Попытка переговорить с заведующей консультативным отделением не увенчалась успехом. Яростно сверкнув глазами, непосредственная начальница, ожесточившаяся от своего женского одиночества мегера, объяснила Константину, что в чужой монастырь со своим уставом лезть не стоит – у нас свои традиции и своя специфика. А если кому-то что-то не нравится, то скатертью дорога. И вообще, дайте спокойно доработать до пенсии!
«Ага – доработать! – подумал Константин, глядя в блеклые водянистые глаза заведующей. – Ты до нее еще семь лет назад доработала, да никак не уйдешь, грымза старая».
Перспективы не радовали, уходить было некуда, а тут еще и в долги пришлось влезть. Хороший расклад, ничего не скажешь! Константин начал всерьез обдумывать идею выведения из запоев на дому. Идея была заведомо гнилой – мало на кого нападешь, да мало как процесс пойдет, иногда выводимый и отдуплиться может – и требовала расходов на покупку автомобиля, потому что на себе весь наркологический арсенал таскать невозможно. Опять же, чаще всего вызывают по ночам, когда общественный транспорт не работает, а если раскатывать на такси, то будешь работать в ноль. На тестеву «девятку» зариться не стоило, поскольку тот без нее никак не мог обойтись. А где деньги на машину взять? Снова одалживать? Да и с навыками вождения у Константина дело обстояло не очень-то хорошо. Права он получил в школе, в рамках профессиональной подготовки учащихся. Во время обучения несколько раз поводил грузовик по полупустым самаркандским улицам – вот и все навыки. Для Москвы, с ее адским трафиком, их явно было недостаточно. Но что поделать? Счетчик-то тикает…
От собрания, посвященного разбору итогов прошедшего месяца, Константин ничего хорошего не ждал. Заведующая отделением чуть ли ни каждый день ныла по поводу низкой загруженности и пугала грядущим сокращением штатов.

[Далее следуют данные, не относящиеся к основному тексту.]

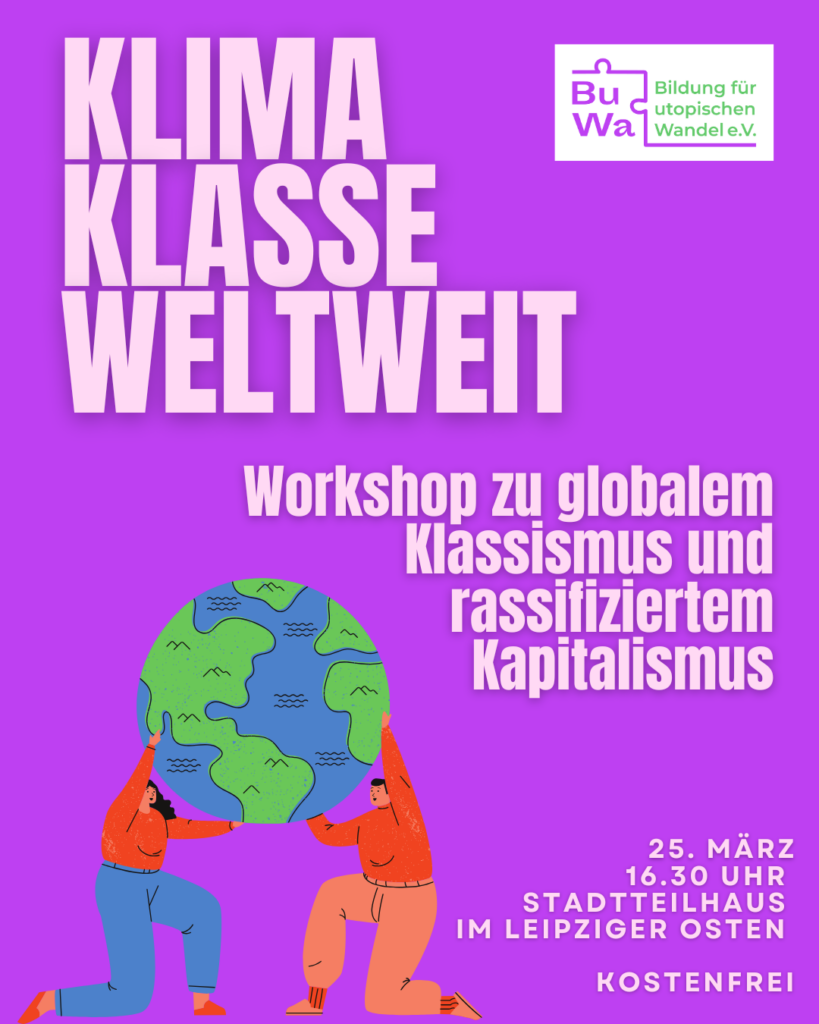 Wie sind die Folgen der Klimakrise zwischen Arm und Reich global verteilt? Was ist Klima-Klassismus? Wie hängen Rohstofflieferketten mit rassifiziertem Kapitalismus (= Untrennbarkeit von Rassismus und Kapitalismus) zusammen? Wie können wir solidarisch gegen weltweite Ausbeutung und ökologischen Kollaps kämpfen? Zu diesen Fragen wollen wir im Workshop gemeinsam mit dir lernen, nachdenken und diskutieren. Du brauchst kein Vorwissen.

Сокращения Константин не боялся, поскольку в любой уважающей себя ведомственной или коммерческой поликлинике непременно должен быть эндокринолог, причем – в каждую смену, потому что в уважающих себя поликлиниках пациентам не говорят: «приходите к специалисту завтра, сегодня он уже отработал». А в поликлинике Минфина было всего два эндокринолога – Константин и доктор Шипульская, близкая подруга главного врача Валерия Николаевича. Если уволить доктора Иванова, то Шипульской придется сидеть на приеме с девяти утра до восьми вечера. У нее же тогда сил не останется на то, чтобы одаривать главного своей пылкой любовью. А вот от гастроэнтерологов или пульмонологов запросто можно отказаться, переложив их функции на терапевтов.
Выступление главного врача по духу походило на плач Ярославны в Путивле. Все плохо, да так, что хуже некуда, скоро зарплату начнем задерживать, как в других местах, может хоть тогда вы почешетесь… А что сотрудникам «чесаться»? Они работают по заведенному стандарту: «бери меньше, кидай дальше и киряй пока летит». Никто не хочет принять «лишнего» пациента, но каждый жаждет великих премий. Откуда взять деньги? А об этом пусть Валерий Николаевич думает, на то он и главный врач.

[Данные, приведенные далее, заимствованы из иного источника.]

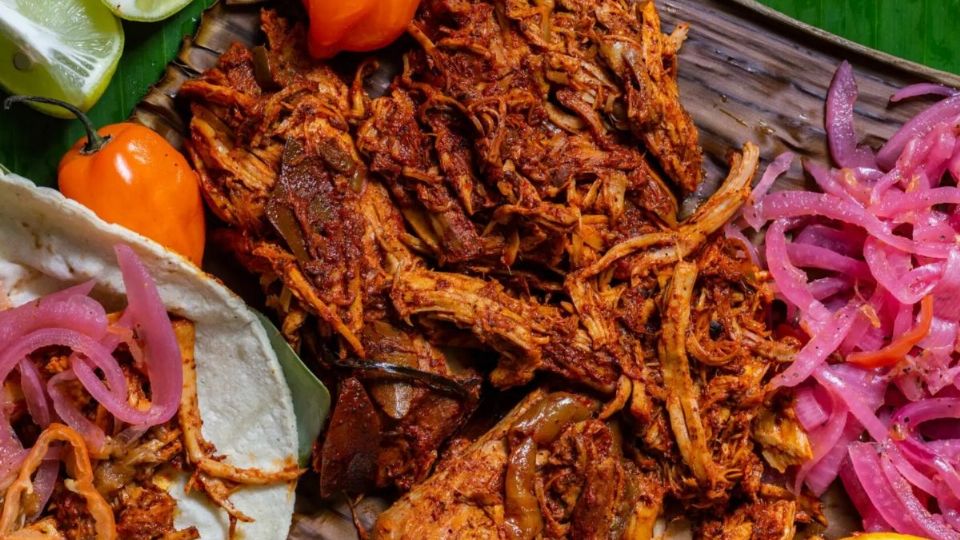 Generalmente, este platillo se asocia con celebraciones y rituales mayas, y su nombre proviene del término “pib”, que significa “enterrado”, en alusión a la cocción en horno bajo tierra. Hoy en día, la cochinita pibil se disfruta en tacos o tortas, acompañada de cebolla morada curtida y salsa de chile habanero.

Константин еще на собеседовании понял, что руководитель из Валерия Николаевича как из фекалии боеприпас. По лицу видно, что слабохарактерный, да еще и мямля. К месту вспомнилось из чеховского «Рассказа неизвестного человека»: «это была натура рыхлая, ленивая до полного равнодушия к себе и плывшая по течению неизвестно куда и зачем». «Явно чей-то ставленник», подумал Константин и не ошибся – Валерий Николаевич был зятем министерского управдела. По уму такому тюфяку полагался активно-пробивной начмед,[10] но начмед была как две капли воды похожа на непосредственную начальницу Константина – шестьдесят лет, мало ума, сволочной характер плюс боязнь любых перемен. Мы в глубокой ж. пе, но менять ничего не хотим – как вам такой оксюморончик?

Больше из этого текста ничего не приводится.